Today is the first day of my,Jus Love, blog. Where do I begin? What is this blog about? Why am I blogging anyway? I suppose, telling a little something about me, would be an appropriate start and possibly answer some questions. This blogging thingy is something new for me, it's a new beginning, a new journey. I've come to blogging to share my thought with like minded individuals as well as the opened minded and anyone that would like to journey with me. I often share with my friends and family my opinions in hope to offer a solution and/or guidance in a particular situation, but only when asked. I'm not the be all, I don't claim to know everything and hell, I don't have really any answers. More than likely "YOU" already have the answer, If you know what I mean. What I do know is that i wish to share my past, present and future journey with all in hopes to help love ones. Follow me.........you, are my love ones, everyone that reads my blog and further more all that exist in this universe. See what I have come to understand that there really is no you and me. We are not separate, we are all apart of the oneness. There is only one, so what I do, say and think ultimately affect you and vice versa. I am my brother/sister keeper and i love it.

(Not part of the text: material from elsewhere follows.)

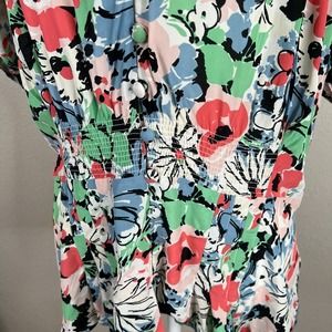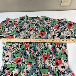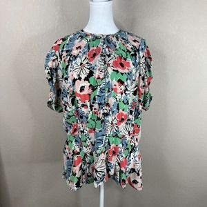 Designed with a feminine peplum silhouette this blouse is accented with thoughtful details like a painterly floral motif crisp pleats and delicate smocking.
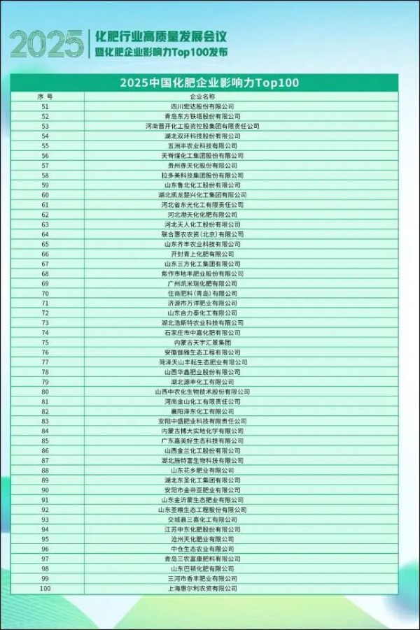 时值新春佳节,喜讯如约而至!近日,2025 年度中国化肥企业影响力 Top100 榜单正式揭晓,DB真人旗舰集团凭借卓越的品牌实力、领先的技术创新与深厚的行业积淀,成功跻身榜单,以硬核实绩为新春献上一份亮眼答卷。

I desire to add more love and light to all. I desire to focus on the positive, to uplift and motivate. I am forever expanding and evolving . I am constantly seeking new ways and paths to obtain more peace and harmony. I live in the moment as much as i can understanding that is all that really matter on a certain level.........I offer love.


Jus Love
Michelle Madison

Its all Love 20 10

The closing of 2009 was simply wonderful. I spent time with my family, did some reflecting, soul searched and made new moon wishes. I brought closure to many situations that needed it and clarification to others. I'm so excited about 2010 and what it offers me not because i have these great new years resolutions but because i am stepping into the anew. I have this burst of energy that's driving me in a more definite direction. Love is the catalyst, love of self, love of you and love for the universe. I see me more clear than ever. My exuberance is kid like, i'm free. I'm creating more daily. Flowing and allowing, giving more to me than ever before. Allowing my passions the true opportunity to breath and expand, thus i expand. I'm high on life for no damn reason at all other than, i'm happy to be alive, truly alive. I recognize the difference. I'm in the right now frame of mind. There's no reason to wait. Really has there ever been a reason to wait? naw. Right now is right now and there will never be a moment like that now. So, why wait for the next now when you can take advantage of right now. I love me some me right now. I'm gratefully and blissfully evolving as I complete another chapter. I've already began the next chapter. I'm all in, as the song by Roxie Hart smoothly plays in my head, "I play to Win".